Fukushima N-plant hit by giant waves as high as 48 feet

The video shows the giant wave generated by the March 11 earthquake crashing over the plant's seawall and engulfing the facility, with one sheet of spray rising higher than the buildings that house the plant's six reactors.

Tokyo Electric Power, the plant's owner, said the wall of water was likely 14 to 15 meters higher than normal sea levels -- easily overwhelming the plant's 5-metre seawall.

The footage was shot from high ground about 900 meters south of the plant by a worker who evacuated before the tsunami hit, CNN quoted the Tokyo Electric Power Company as saying in the six-second clip.

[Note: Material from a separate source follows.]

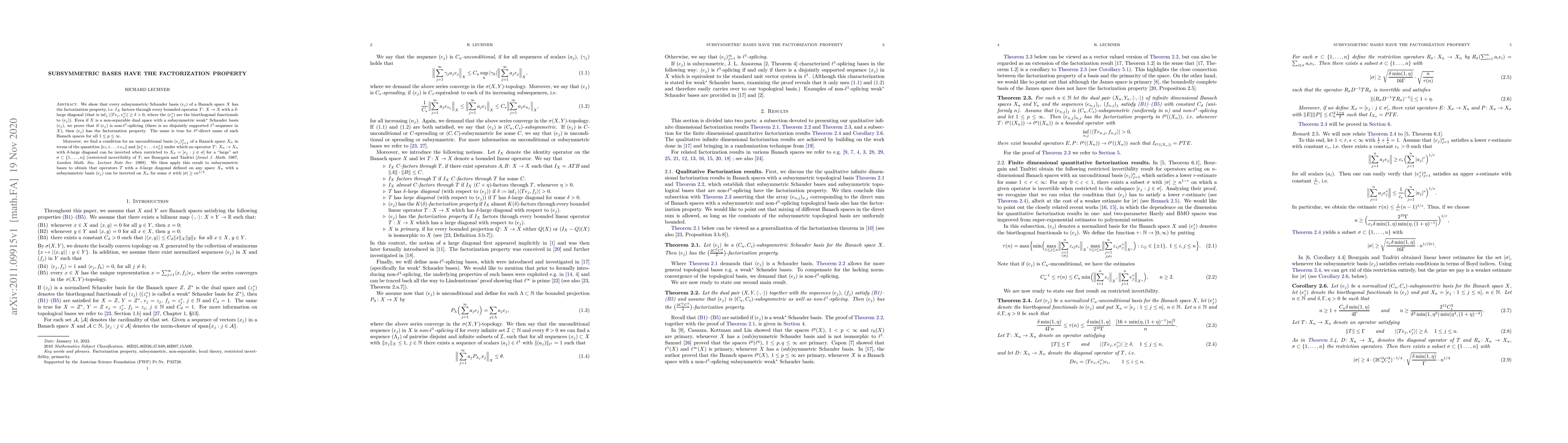 This research proves that subsymmetric Schauder bases in Banach spaces possess the factorization property, even in non-separable dual spaces with specific conditions. It also presents a condition for unconditional bases to ensure invertibility of operators with large diagonals, applicable to subsymmetric bases, leading to their invertibility on certain subspaces.

Photos released by the company showed shattered windows, scattered papers and dangling ceiling tiles throughout the plant's now-empty office annexe.

Two workers were killed in the basement of the Number 4 reactor's turbine plant when the tsunami struck, and their bodies were recovered only last week.

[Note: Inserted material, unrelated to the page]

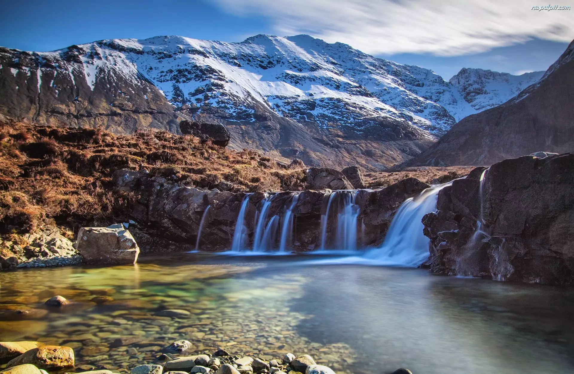 Wodospad, Szkocja, Góry, Jezioro, Wyspa Skye, Zbiorniki Fairy Pools, Kamienie, Glen Brittle

The tsunami knocked out generators and pumps needed to cool the plant's three operating reactors following the magnitude 9 earthquake, leaving engineers struggling to prevent a bigger disaster as those units radioactive cores overheated.

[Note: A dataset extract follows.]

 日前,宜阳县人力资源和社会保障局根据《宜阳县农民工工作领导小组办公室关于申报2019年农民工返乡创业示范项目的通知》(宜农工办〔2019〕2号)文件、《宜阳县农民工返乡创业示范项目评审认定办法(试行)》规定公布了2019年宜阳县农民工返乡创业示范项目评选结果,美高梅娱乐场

Workers have been pouring hundreds of tons of water a day into the reactors in an effort to keep them cool until normal circulation systems can be restored.

The Number 2 reactor is believed to be leaking highly radioactive water, some of which had been spilling into the Pacific until Wednesday, while flooded basements in the turbine plants of all three units are making it impossible to restore power, company officials said.